When done well, clown is an exercise in vulnerability for both the performer and their audience, a sculptural practice that uses humor and discomfort to carve raw desire (and repulsion) from the confusion of social pretense. Other times, it’s simply a social lubricant. Miles says that Lollygag heightens “all of the pieces of me that I like and that I’m confident about,” which allows him to have “interactions that I wouldn’t feel as confident having otherwise.”

Lollygag the clown

The “experience of having the eyes of the clown on you, someone who is so bold and their vulnerability—you can’t help but feel that on some level, it’s a dare or challenge for you to be so vulnerable,” Tea says.

Clowns pose a similar dare to society at large. Like satire and political cartoons, clowns have been on the front lines of resistance to conservatism in France, Spain, the U.K., Sweden, and elsewhere throughout the 21st century. Last September, a cadre of femme, harlequin-style clowns continued that tradition and took over Rubulad in support of the Save Coney Island campaign, protesting the construction of a casino in the neighborhood.
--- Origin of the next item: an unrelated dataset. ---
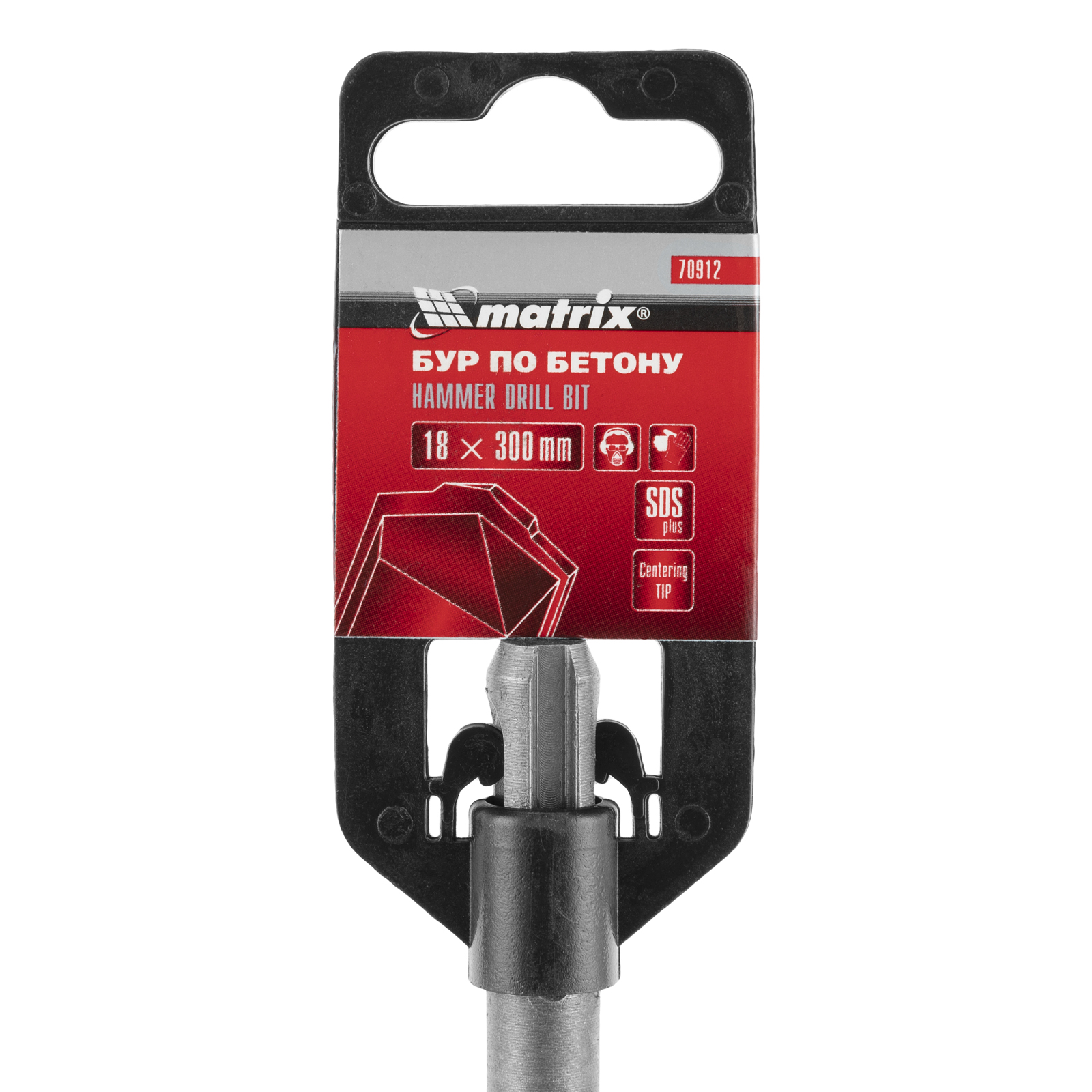 Бур по бетону Matrix 70912, 18 х 300 мм, SDS PLUS предназначен для установки на перфоратор и позволяет получать отверстия диаметром 18 мм в бетоне, камне и кирпиче. Он эффективно решает поставленные задачи благодаря режущей пластине из высокотвердого сплава карбида вольфрама ВК8 твердостью 80-90 HRC.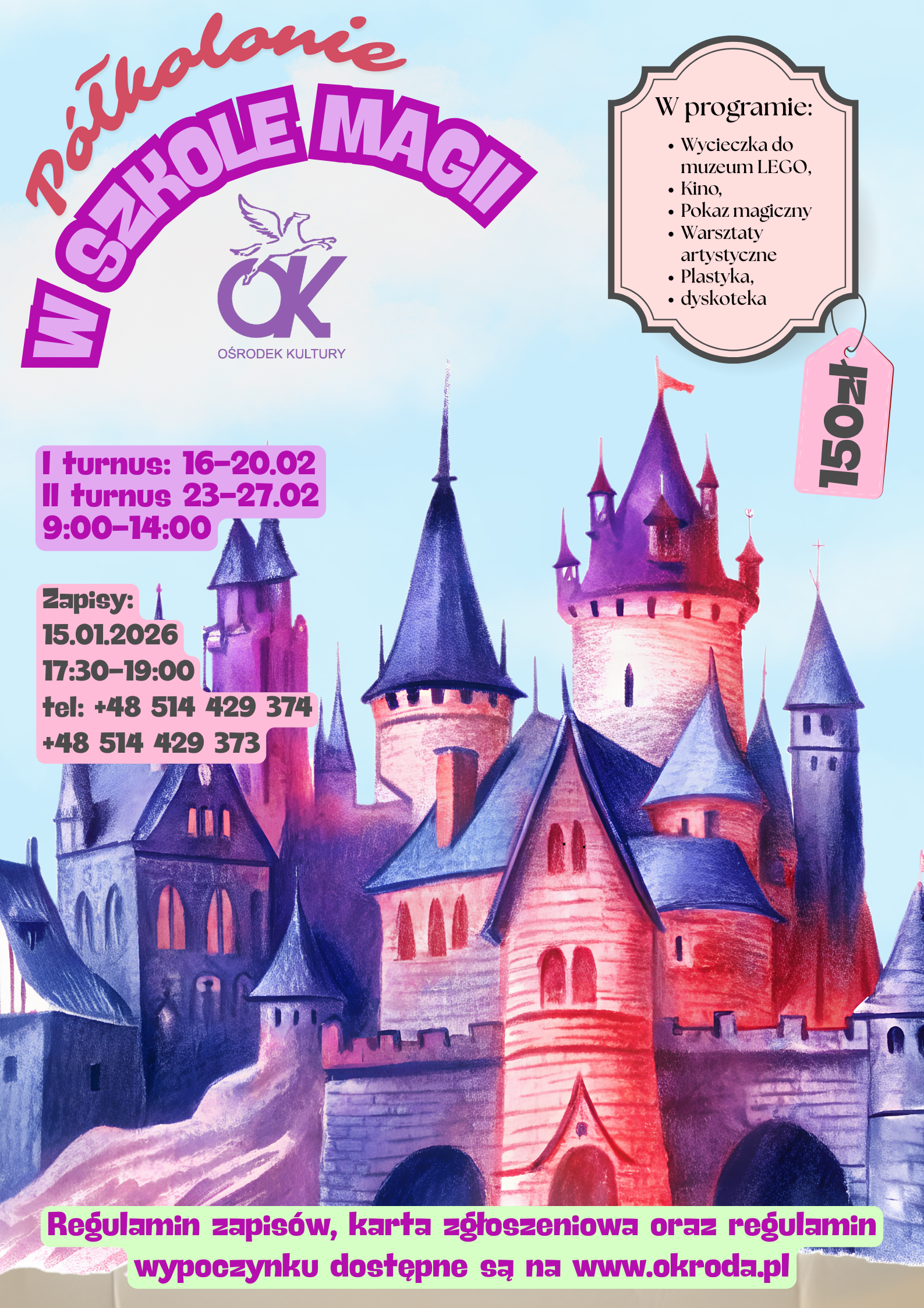 6.Warunkiem uczestnictwa w półkoloniach jest dostarczenie wypełnionej, podpisanej karty, podpisanego regulaminu i potwierdzenia wpłaty, do sekretariatu Ośrodka Kultury w Środzie Wielkopolskiej w nieprzekraczalnym terminie do dnia 23 stycznia 2026r.

Though beyond the scope of this piece, there is probably something to be made of the French penchant for clowning. In Clowns, Danny LeVesque’s “Flies on the Windscreen” paints a portrait of a French-Canadian man watching his father die. A hobo clown figurine perched on his bedside table becomes a sort of shepherd into the great unknown. The father says he can “see through everything now,” how “everything we’ve been taught to think is important is actually opposite,” as his consciousness flickers between the afterlife and an old memory of performing as barefoot clowns with his son.

God Complex

The Clown, queer or otherwise, is a philosopher by accident. The archetype is an iteration of The Fool, via commedia dell’arte, a Medieval Italian theatrical tradition featuring exaggerated characters, slapstick, and trope-y conflicts. The Fool, one of these stock characters, typically commits a series of blunders that end up unintentionally revealing some wisdom.

Many have written about the clown as a vehicle for the absurd, another French concept, originating with Albert Camus, that speaks to the mismatch between our modern lifestyle and our knowledge that we will one day die. At the end of her poem “The Antidotal Ghost,” which was published in the Clowns anthology, Jennifer Hasegawa offers up a visual that encapsulates the clown’s specific genre of absurdism:

Slapstick wands
cast spells
clearing the smoke
of knowing,
and in the clearing:
flush with potential,
the beautiful
red nose
of nada.

When Lollygag reveals his sparkly pink strap-on, hard plastic instead of soft red foam, clown slices right through the heteronormative veil. Here, queerness is laid out in its most exaggerated, material form, making itself impossible to ignore.